■ Exercise prompt
Each record below is to be copied exactly; the pictures are to be omitted.
*** Extracted information ***
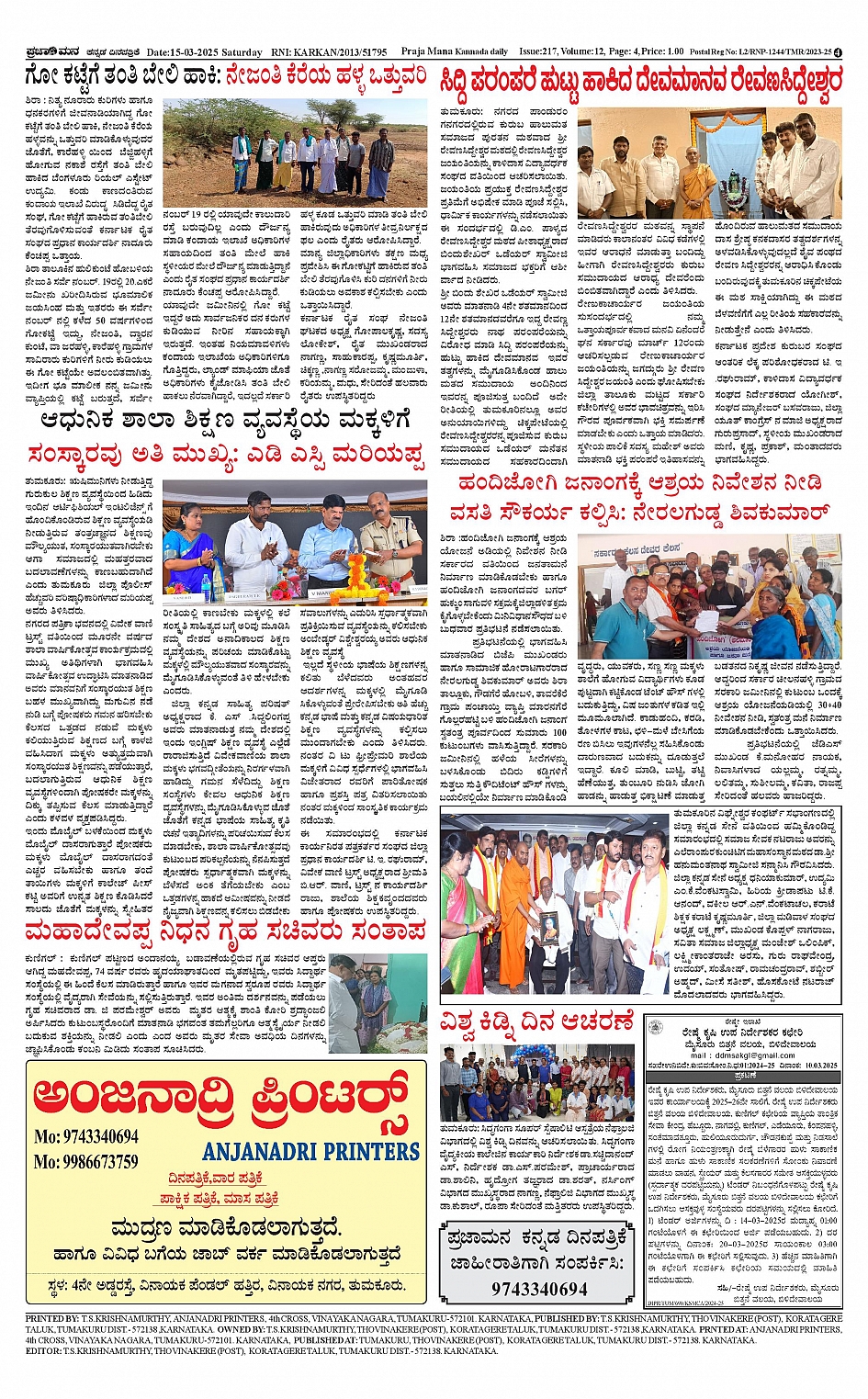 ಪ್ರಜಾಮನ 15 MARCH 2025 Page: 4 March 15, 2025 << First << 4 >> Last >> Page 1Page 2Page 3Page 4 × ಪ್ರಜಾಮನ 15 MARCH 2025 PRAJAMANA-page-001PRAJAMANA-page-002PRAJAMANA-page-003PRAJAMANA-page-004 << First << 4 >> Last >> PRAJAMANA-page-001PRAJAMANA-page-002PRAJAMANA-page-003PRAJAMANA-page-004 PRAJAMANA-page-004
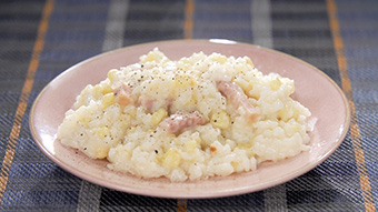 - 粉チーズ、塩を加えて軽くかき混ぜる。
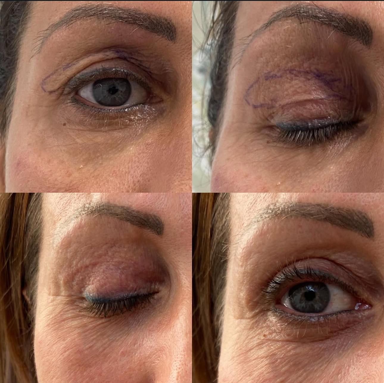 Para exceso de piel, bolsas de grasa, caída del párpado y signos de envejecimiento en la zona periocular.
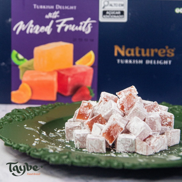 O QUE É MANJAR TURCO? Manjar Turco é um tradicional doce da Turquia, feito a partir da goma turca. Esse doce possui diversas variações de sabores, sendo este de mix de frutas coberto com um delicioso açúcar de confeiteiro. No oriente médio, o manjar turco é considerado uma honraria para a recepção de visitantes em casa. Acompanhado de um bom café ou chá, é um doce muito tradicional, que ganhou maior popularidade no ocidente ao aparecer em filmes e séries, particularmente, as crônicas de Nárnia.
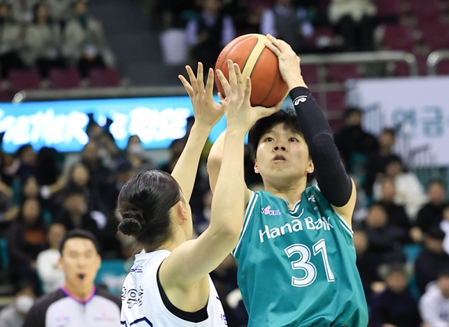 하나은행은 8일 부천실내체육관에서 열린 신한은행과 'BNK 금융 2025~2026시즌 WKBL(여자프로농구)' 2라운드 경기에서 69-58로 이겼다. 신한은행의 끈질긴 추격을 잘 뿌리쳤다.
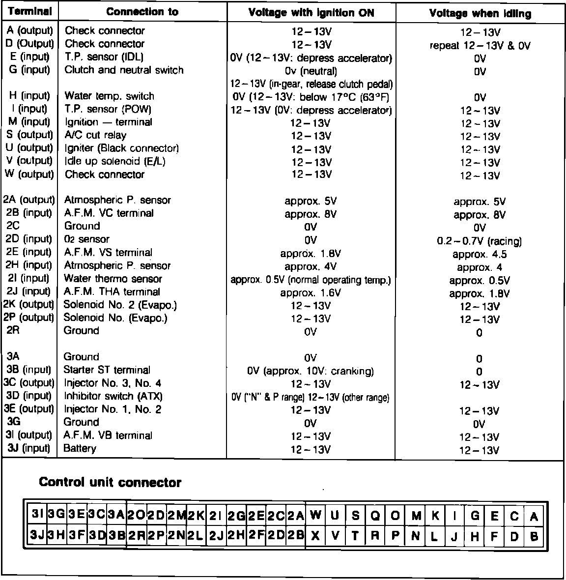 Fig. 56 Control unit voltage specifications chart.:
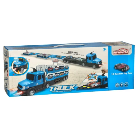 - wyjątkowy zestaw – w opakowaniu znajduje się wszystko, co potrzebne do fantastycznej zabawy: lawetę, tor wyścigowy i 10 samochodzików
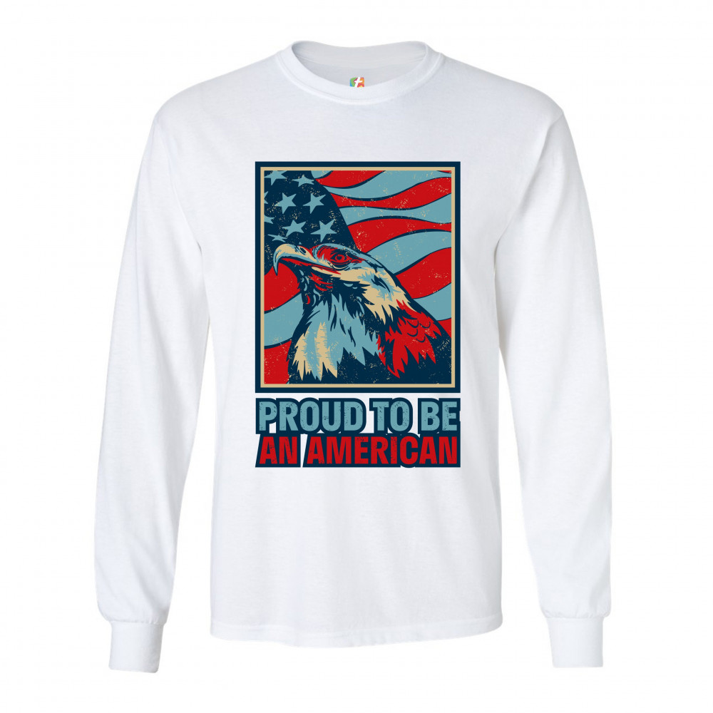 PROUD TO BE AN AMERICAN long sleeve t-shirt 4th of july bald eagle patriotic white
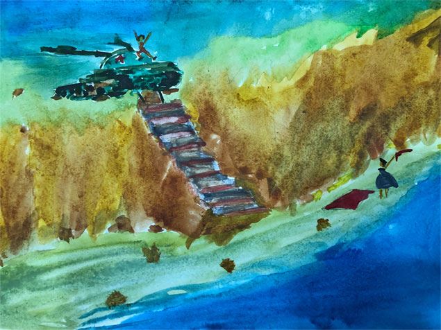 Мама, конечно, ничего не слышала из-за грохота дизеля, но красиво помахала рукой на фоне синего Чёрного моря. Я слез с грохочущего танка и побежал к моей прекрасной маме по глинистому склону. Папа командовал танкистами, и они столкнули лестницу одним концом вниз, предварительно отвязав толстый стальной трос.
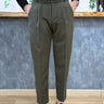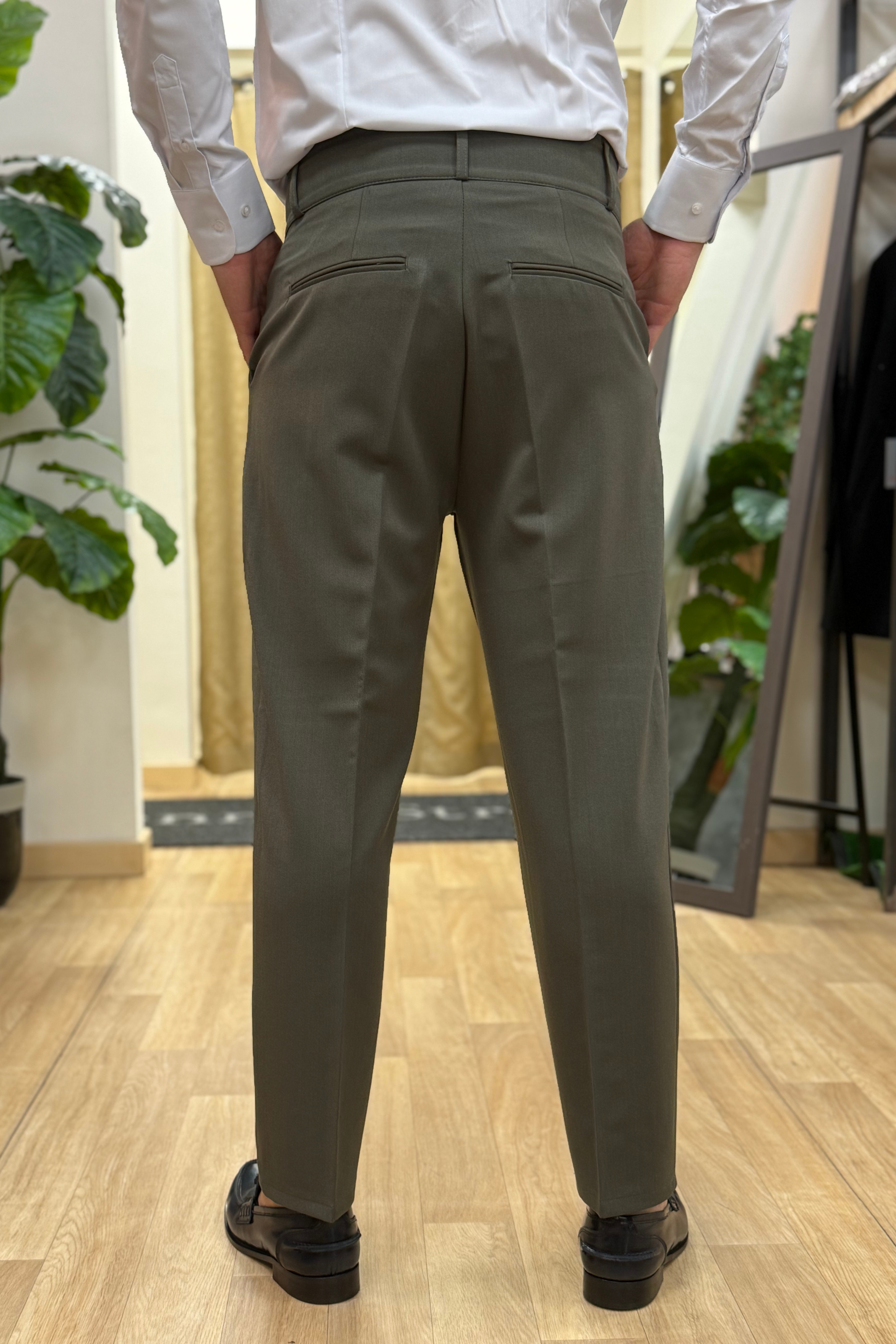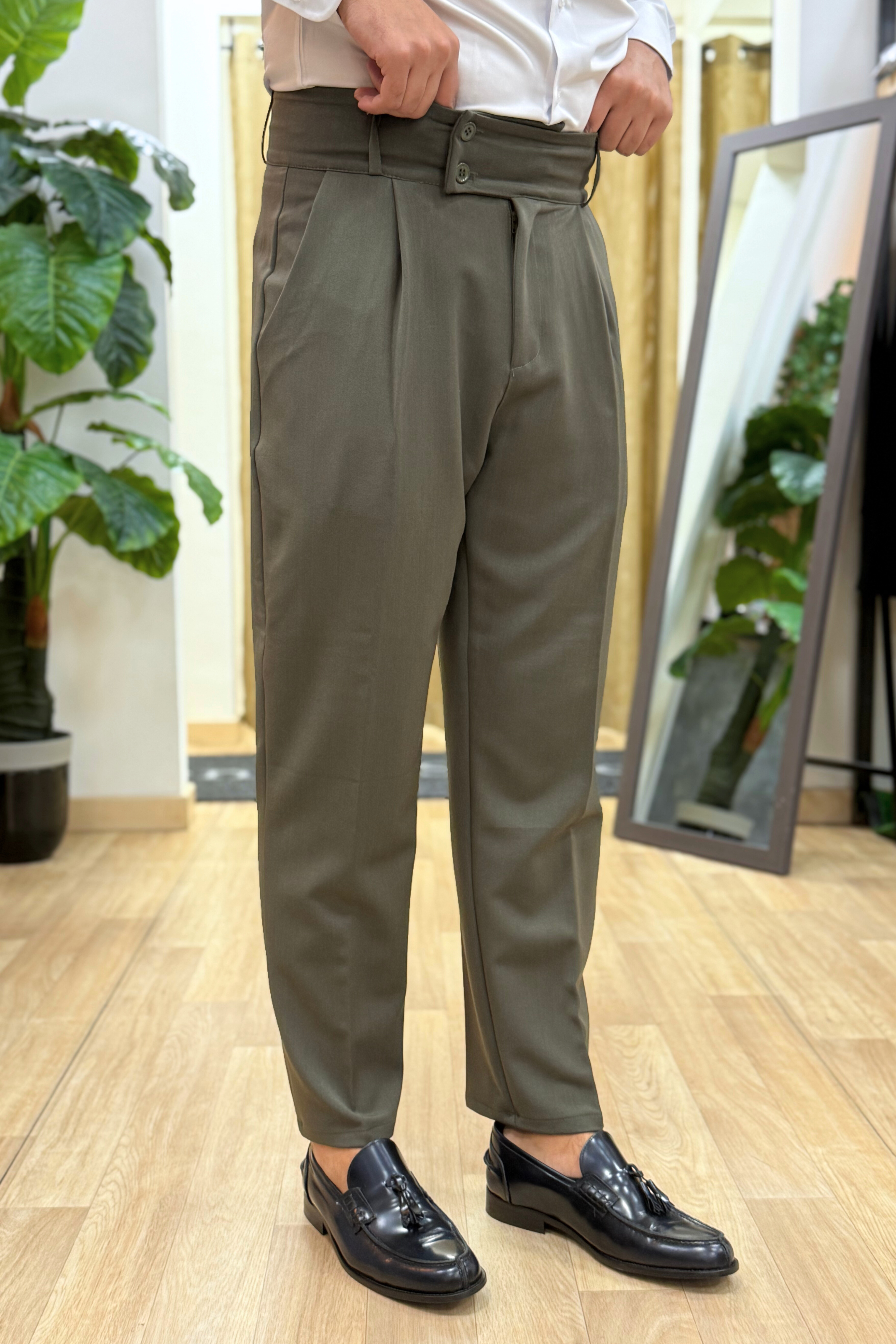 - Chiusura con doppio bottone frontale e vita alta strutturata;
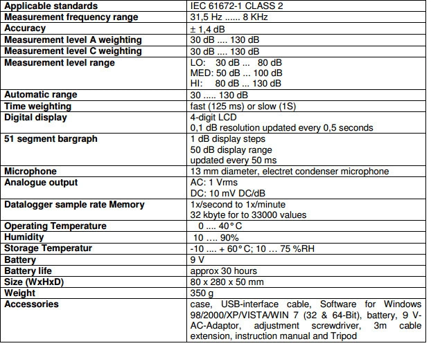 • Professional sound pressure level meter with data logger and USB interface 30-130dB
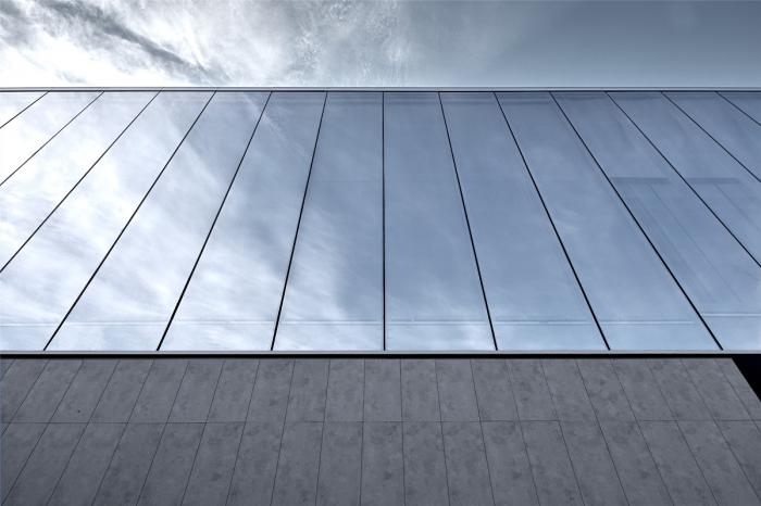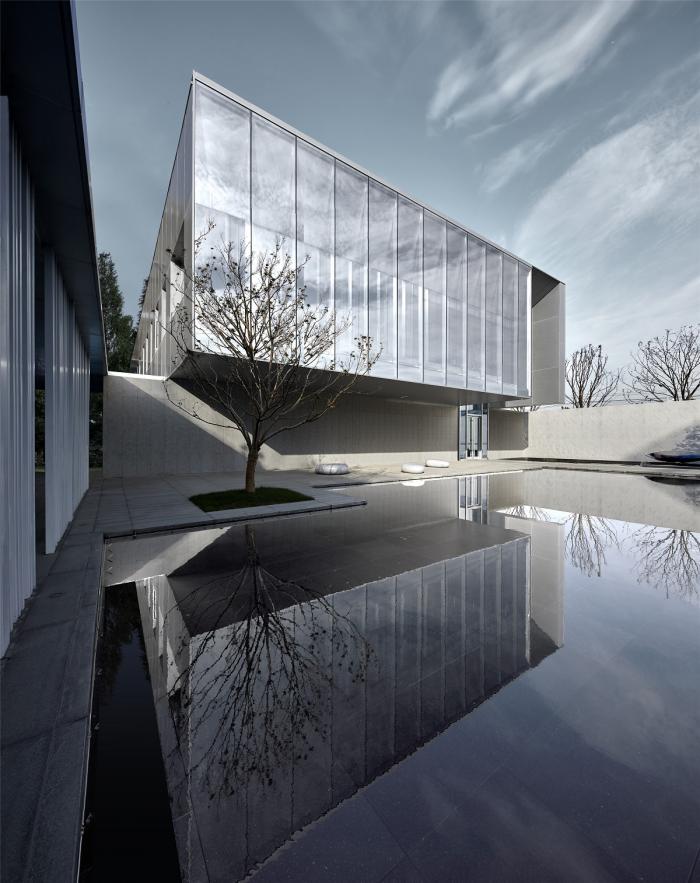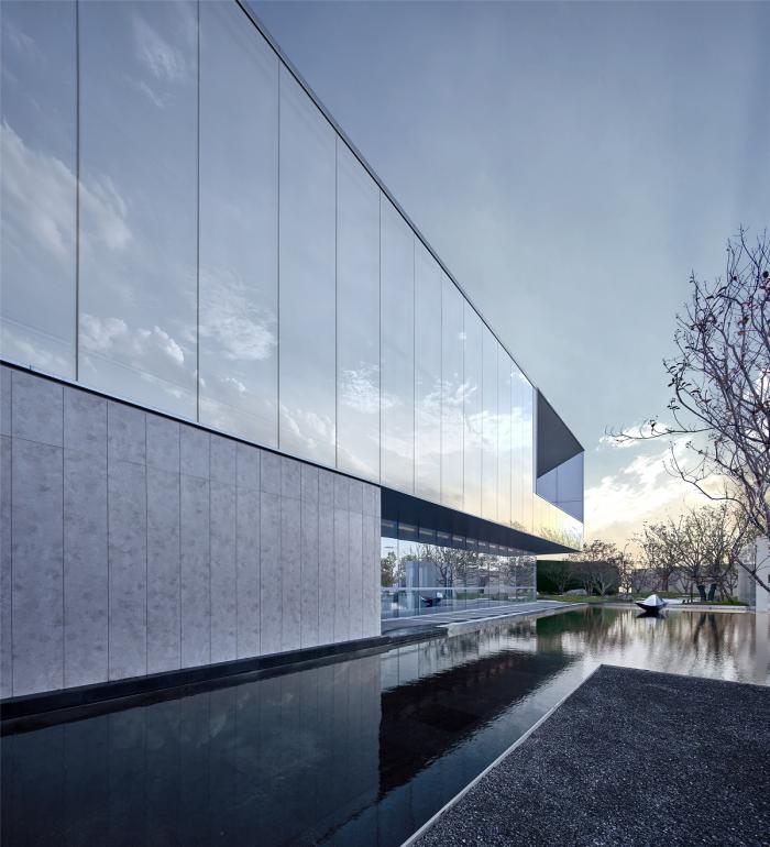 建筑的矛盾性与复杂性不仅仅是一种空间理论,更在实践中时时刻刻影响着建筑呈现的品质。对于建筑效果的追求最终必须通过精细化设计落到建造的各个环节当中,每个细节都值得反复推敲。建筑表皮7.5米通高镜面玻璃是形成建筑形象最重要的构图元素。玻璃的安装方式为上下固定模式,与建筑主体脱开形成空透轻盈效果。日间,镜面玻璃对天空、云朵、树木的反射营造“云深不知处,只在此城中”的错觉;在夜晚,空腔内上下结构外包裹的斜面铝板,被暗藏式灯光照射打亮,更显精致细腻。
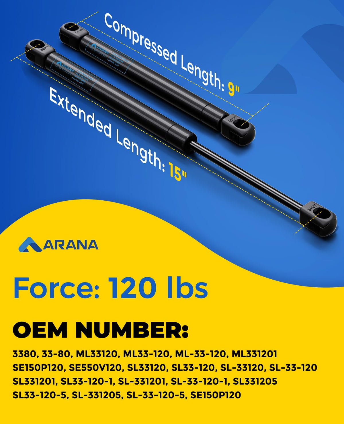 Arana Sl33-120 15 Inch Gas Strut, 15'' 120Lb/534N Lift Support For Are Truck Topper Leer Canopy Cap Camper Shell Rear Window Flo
*** End of Extracted information ***
■ Response box
 ಪ್ರಜಾಮನ 15 MARCH 2025 Page: 4 March 15, 2025 << First << 4 >> Last >> Page 1Page 2Page 3Page 4 × ಪ್ರಜಾಮನ 15 MARCH 2025 PRAJAMANA-page-001PRAJAMANA-page-002PRAJAMANA-page-003PRAJAMANA-page-004 << First << 4 >> Last >> PRAJAMANA-page-001PRAJAMANA-page-002PRAJAMANA-page-003PRAJAMANA-page-004 PRAJAMANA-page-004
 - 粉チーズ、塩を加えて軽くかき混ぜる。
 Para exceso de piel, bolsas de grasa, caída del párpado y signos de envejecimiento en la zona periocular.
 O QUE É MANJAR TURCO? Manjar Turco é um tradicional doce da Turquia, feito a partir da goma turca. Esse doce possui diversas variações de sabores, sendo este de mix de frutas coberto com um delicioso açúcar de confeiteiro. No oriente médio, o manjar turco é considerado uma honraria para a recepção de visitantes em casa. Acompanhado de um bom café ou chá, é um doce muito tradicional, que ganhou maior popularidade no ocidente ao aparecer em filmes e séries, particularmente, as crônicas de Nárnia.
 하나은행은 8일 부천실내체육관에서 열린 신한은행과 'BNK 금융 2025~2026시즌 WKBL(여자프로농구)' 2라운드 경기에서 69-58로 이겼다. 신한은행의 끈질긴 추격을 잘 뿌리쳤다.
 Fig. 56 Control unit voltage specifications chart.:
 - wyjątkowy zestaw – w opakowaniu znajduje się wszystko, co potrzebne do fantastycznej zabawy: lawetę, tor wyścigowy i 10 samochodzików
 PROUD TO BE AN AMERICAN long sleeve t-shirt 4th of july bald eagle patriotic white
 Мама, конечно, ничего не слышала из-за грохота дизеля, но красиво помахала рукой на фоне синего Чёрного моря. Я слез с грохочущего танка и побежал к моей прекрасной маме по глинистому склону. Папа командовал танкистами, и они столкнули лестницу одним концом вниз, предварительно отвязав толстый стальной трос.
 - Chiusura con doppio bottone frontale e vita alta strutturata;
 • Professional sound pressure level meter with data logger and USB interface 30-130dB
 建筑的矛盾性与复杂性不仅仅是一种空间理论,更在实践中时时刻刻影响着建筑呈现的品质。对于建筑效果的追求最终必须通过精细化设计落到建造的各个环节当中,每个细节都值得反复推敲。建筑表皮7.5米通高镜面玻璃是形成建筑形象最重要的构图元素。玻璃的安装方式为上下固定模式,与建筑主体脱开形成空透轻盈效果。日间,镜面玻璃对天空、云朵、树木的反射营造“云深不知处,只在此城中”的错觉;在夜晚,空腔内上下结构外包裹的斜面铝板,被暗藏式灯光照射打亮,更显精致细腻。
 Arana Sl33-120 15 Inch Gas Strut, 15'' 120Lb/534N Lift Support For Are Truck Topper Leer Canopy Cap Camper Shell Rear Window Flo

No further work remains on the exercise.